Number of unique sectors after cleaning: 145


The number of unique sectors continues to go down. Keep in mind that how much to consolidate will depend on your machine learning model performance and your hardware's ability to handle the extra features in memory. If your hardware's memory can handle 3060 new features and your machine learning algorithm performs better, then go for it!

There are still 638 entries with NaN values. How could you fill these in? You might try to determine an appropriate category from the 'project_name' or 'lendinginstr' variables. If you make dummy variables including NaN values, then you could consider a feature with all zeros to represent NaN. Or you could delete these records from the data set. Pandas will ignore NaN values by default. That means, for a given row, all dummy variables will have a value of 0 if the sector1 value was NaN.

Don't forget about the bigger context! This data is being prepared for a machine learning algorithm. Whatever techniques you use to engineer new features, you'll need to use those when running your model on new data. So if your new data does not contain a sector1 value, you'll have to run whatever feature engineering processes you did on your training set.

In this final set, use the pandas pd.get_dummies() method to create dummy variables. Then use the concat() method to concatenate the dummy variables to a dataframe that contains the project totalamt variable and the project year from the boardapprovaldate.

In [18]:
sector['sector1_aggregates'].isna().sum()

638

In [24]:
# TODO: Create dummy variables from the sector1_aggregates data.

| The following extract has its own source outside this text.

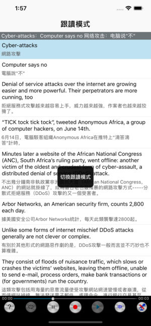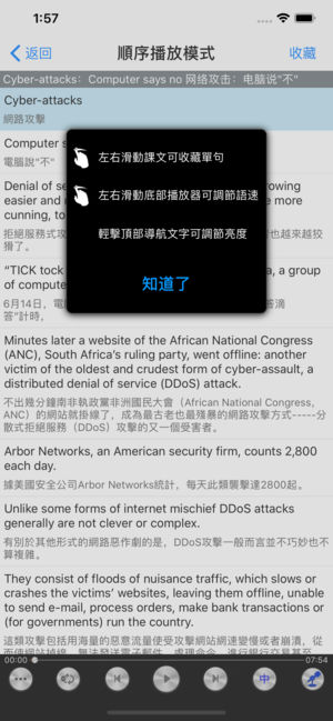 强大的播放模式,便捷的触控体验!支持单句收藏,跟读录音,内置全文有声字典,即点即查,因此体积较大,请务必在WIFI环境下下载,以免过多消费流量。下载完毕,即可离线使用! 软件支持iPhone、iPod touch、iPad等各版本的硬件设备并针对高清显示屏做了专门优化。 ***软件特色*** 1、资料丰富 2、纯正英国口音:不需要再纠结口音问题,迅速掌握英式英语的发音技巧 3、多种播放模式选择:单句循环、单课循环、课程连播、对比播放、是否显示中文译文播放等等,适合各种学习模式,能帮你迅速提升英文听力能力 4、强大的口语练习模式:每一句都可跟读,反复对比或者循环播放口语发音…

Put the results into a dataframe called dummies
# Hint: Use the get_dummies method
dummies = pd.get_dummies(sector['sector1_aggregates'])

# TODO: Create a new dataframe called df by 
#       filtering the projects data for the totalamt and
#       the year from boardapprovaldate
projects['year'] = projects['boardapprovaldate'].dt.year
df = projects[['totalamt','year']]

# TODO: Concatenate the results of dummies and projects
#       into a single data frame
df_final = pd.concat((df,dummies),axis=1)

df_final.head()

Unnamed: 0,totalamt,year,Adult; Basic and Continuing Education,Agency reform,Agricultural Extension; Research; and Other Support Activities,Agricultural credit,Agricultural extension,Agricultural markets; commercialization and agri-business,Agriculture adjustment,Agro-industry,...,Urban environment,Urban housing,Urban management,Urban transport,Urban water supply,Vocational training,Waste Management,Water Supply,Water supply and sanitation adjustment,Workforce Development and Vocational Education
0,0,2018.0,0,0,0,0,0,0,0,0,...,0,0,0,0,0,0,0,0,0,0
1,200000000,2018.0,0,0,0,0,0,0,0,0,...,0,0,0,0,0,0,0,0,0,0
2,58330000,2018.0,0,0,0,0,0,0,0,0,...,0,0,0,0,0,0,0,0,0,0
3,20000000,2018.0,0,0,0,0,0,0,0,0,...,0,0,0,0,0,0,0,0,0,0
4,100000000,2018.0,0,0,0,0,0,0,0,0,...,0,0,0,0,0,0,0,0,0,0


In [25]:
df_final.shape

(18248, 146)

# Conclusion

Pandas makes it relatively easy to create dummy variables; however, oftentimes you'll need to clean the data first.